A Recipe for Inspiration

It started with cookies…

But it became so much more.

“Our kiddo loves to cook and loves to perform. So early on in the pandemic, we decided to do some cooking videos to share with others in hopes of lifting people’s spirits,” said Franklin County resident and nurse practitioner Scott O. “I mean, we all had so much time on our hands and we were supposed to be staying home so what better way to kill some time, right?”

Though Pride Month is over, telling the stories of our LGBTQ+ residents is important year-round. We focus here on the story of Scott, who has not only been crafting up cute homecooked concoctions with his daughter but delivering encouraging messages on the importance of getting vaccinated as well.

Scott, a lifelong Ohioan, said getting the vaccine was an easy choice where the benefits far outweighed the costs. He decided to get vaccinated right after the FDA provided Emergency Use Authorization of the vaccine.

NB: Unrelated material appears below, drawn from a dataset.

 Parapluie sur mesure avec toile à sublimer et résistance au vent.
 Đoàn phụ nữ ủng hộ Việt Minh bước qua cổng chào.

“To me, my duty to protect my fellow humans, my trust in science, and my desire to see the world return to a more normal state drove my decision,” he said. “I also work with, am related to and live by people who would not fare so well with a COVID-19 infection,” he added.

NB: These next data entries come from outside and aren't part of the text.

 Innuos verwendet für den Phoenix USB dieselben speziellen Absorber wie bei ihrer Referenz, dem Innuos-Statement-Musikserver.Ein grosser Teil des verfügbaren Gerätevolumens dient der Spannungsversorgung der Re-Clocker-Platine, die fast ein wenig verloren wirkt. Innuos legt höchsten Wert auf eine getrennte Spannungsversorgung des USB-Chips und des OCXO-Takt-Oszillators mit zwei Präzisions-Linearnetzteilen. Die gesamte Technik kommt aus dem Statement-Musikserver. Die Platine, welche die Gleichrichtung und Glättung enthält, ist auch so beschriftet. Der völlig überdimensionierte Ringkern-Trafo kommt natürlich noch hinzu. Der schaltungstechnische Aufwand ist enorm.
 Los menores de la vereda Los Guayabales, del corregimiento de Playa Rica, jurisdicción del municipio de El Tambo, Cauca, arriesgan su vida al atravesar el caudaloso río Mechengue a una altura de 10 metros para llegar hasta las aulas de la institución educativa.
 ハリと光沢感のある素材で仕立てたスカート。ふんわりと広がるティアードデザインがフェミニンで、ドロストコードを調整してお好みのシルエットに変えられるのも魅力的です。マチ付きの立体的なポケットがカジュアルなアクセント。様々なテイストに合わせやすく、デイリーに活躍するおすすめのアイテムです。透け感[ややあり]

While many have cited how quickly the vaccine was made as a reason to wait on getting vaccinated, Scott noted the data was as sound as anyone could’ve hoped. He also said there was too much at stake to let COVID-19 ravage the world.

Like many, COVID-19 had taken a toll on Scott’s household during the pandemic. He and his husband had to temporarily close the doors of their small business, putting their employees out of work. Scott himself was furloughed for six months. It was emotional rollercoaster for he and his family. Bouts of anxiety flowed into frustration from seeing videos and imagery of people not following safety guidelines.

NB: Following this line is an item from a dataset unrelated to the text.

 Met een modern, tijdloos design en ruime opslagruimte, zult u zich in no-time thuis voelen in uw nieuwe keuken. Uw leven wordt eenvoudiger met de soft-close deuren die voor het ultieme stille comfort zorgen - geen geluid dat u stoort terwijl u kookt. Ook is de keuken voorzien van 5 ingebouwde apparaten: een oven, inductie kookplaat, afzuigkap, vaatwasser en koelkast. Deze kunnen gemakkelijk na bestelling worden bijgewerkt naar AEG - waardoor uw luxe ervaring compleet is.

It also affected his daughter.

“She was also home with us, missing out on the interaction and social development she should have been getting at preschool.”

Despite the lows, Scott said things did eventually turn around. His family’s small business was able to rebound and put their employees back to work. He was also (with the help of family and friends) able to further his nursing education while the pandemic kept him indoors.

Which brings us back to the videos of Scott and his daughter, which many people have enjoyed watching.

“We get a lot of praise for helping our daughter explore her talents, but quite honestly I don’t think we are all too different than most families” he said before adding that he thinks people would enjoy the outtakes of their adventures. “Most recently, we did a rainbow explosion cake video in honor of Pride month.”

When asked about Pride Month and its significance, Scott said it was a time to reflect on the long and difficult path that those before him endured to help he and his family enjoy the rights and privileges they enjoy today.

“Growing up, I never felt free to be who I always knew I was. I had to suppress my true self for so long. That suffocating feeling is something I hope fewer and fewer people have to experience,” Scott said.

Scott also said that pride goes hand-in-hand with the concept of family.

“The most important thing in the world to me is my family,” he said.

“To me, as you’ll hear a lot in the LGBTQ+ community as well as outside of it, family isn’t just that of blood. You’ll hear people refer to family-of-choice or intentional family, which often stems from a need to build a family due to being ostracized or misunderstood by your own after coming out. Some people also simply develop stronger bonds with those unrelated to them than those to whom they were born related. Either way, family is my number one,” he said.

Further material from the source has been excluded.